- **Exercise requirements**: Within the lines below, the span from the line with "Vombatidae | ||||" to the line with "他の画像を見る 知的で大人な印象に フェイクウールスタンドカラーコート", both ends included, is to be reproduced exactly, with pictures omitted.

- **Data for analysis**:
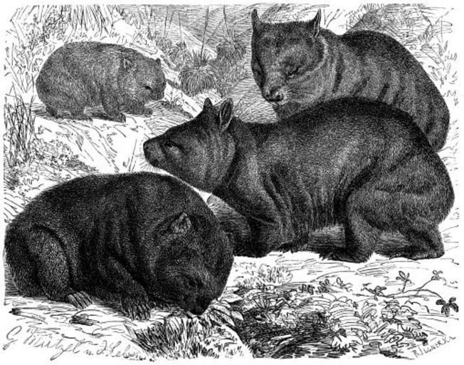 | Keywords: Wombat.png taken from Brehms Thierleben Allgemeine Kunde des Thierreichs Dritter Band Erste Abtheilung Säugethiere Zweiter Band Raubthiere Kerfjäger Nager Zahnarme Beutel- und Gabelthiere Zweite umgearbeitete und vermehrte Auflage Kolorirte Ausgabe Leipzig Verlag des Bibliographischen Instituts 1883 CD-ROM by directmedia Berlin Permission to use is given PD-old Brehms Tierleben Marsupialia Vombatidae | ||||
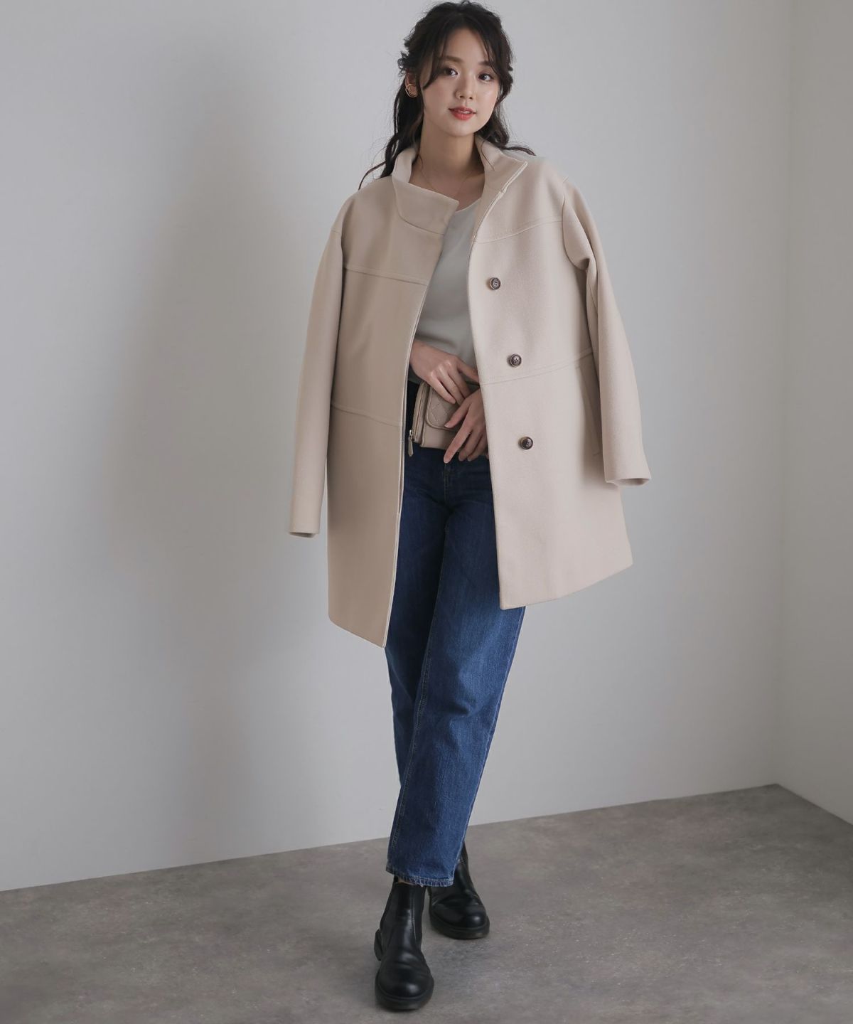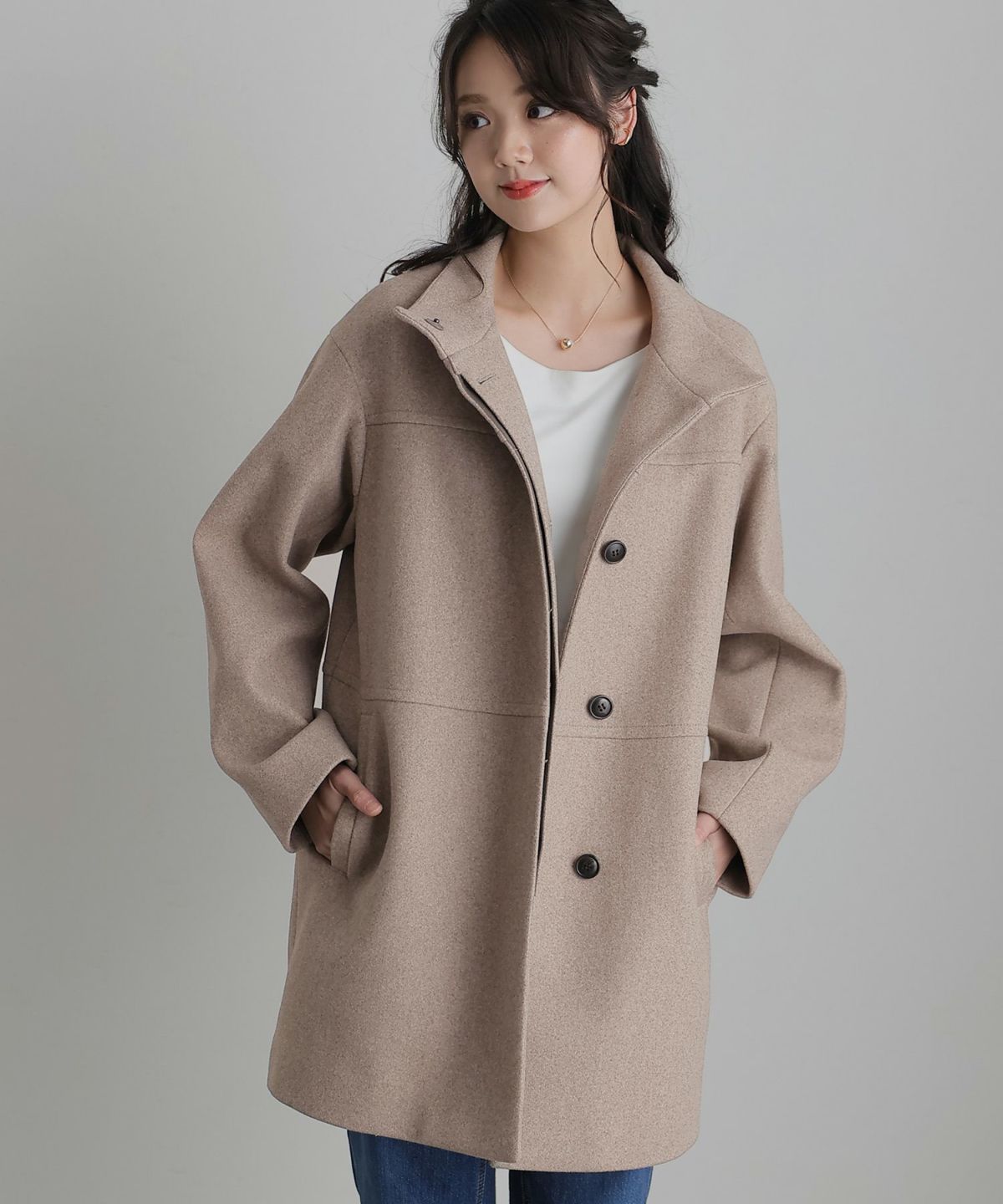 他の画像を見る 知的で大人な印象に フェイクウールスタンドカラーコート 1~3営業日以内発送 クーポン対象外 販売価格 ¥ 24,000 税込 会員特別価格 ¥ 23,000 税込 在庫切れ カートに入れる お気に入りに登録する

* * *

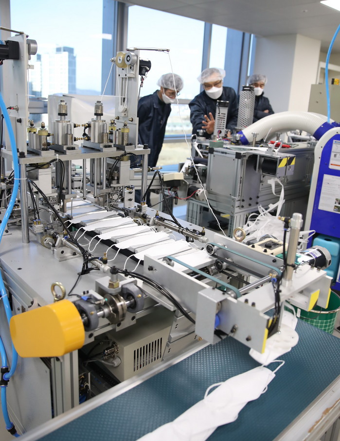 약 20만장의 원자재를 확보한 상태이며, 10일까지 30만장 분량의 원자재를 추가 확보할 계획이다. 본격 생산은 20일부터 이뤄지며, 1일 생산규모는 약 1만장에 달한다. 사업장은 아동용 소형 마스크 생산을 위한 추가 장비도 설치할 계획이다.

- **Task solution**:
 | Keywords: Wombat.png taken from Brehms Thierleben Allgemeine Kunde des Thierreichs Dritter Band Erste Abtheilung Säugethiere Zweiter Band Raubthiere Kerfjäger Nager Zahnarme Beutel- und Gabelthiere Zweite umgearbeitete und vermehrte Auflage Kolorirte Ausgabe Leipzig Verlag des Bibliographischen Instituts 1883 CD-ROM by directmedia Berlin Permission to use is given PD-old Brehms Tierleben Marsupialia Vombatidae | ||||
 他の画像を見る 知的で大人な印象に フェイクウールスタンドカラーコート 1~3営業日以内発送 クーポン対象外 販売価格 ¥ 24,000 税込 会員特別価格 ¥ 23,000 税込 在庫切れ カートに入れる お気に入りに登録する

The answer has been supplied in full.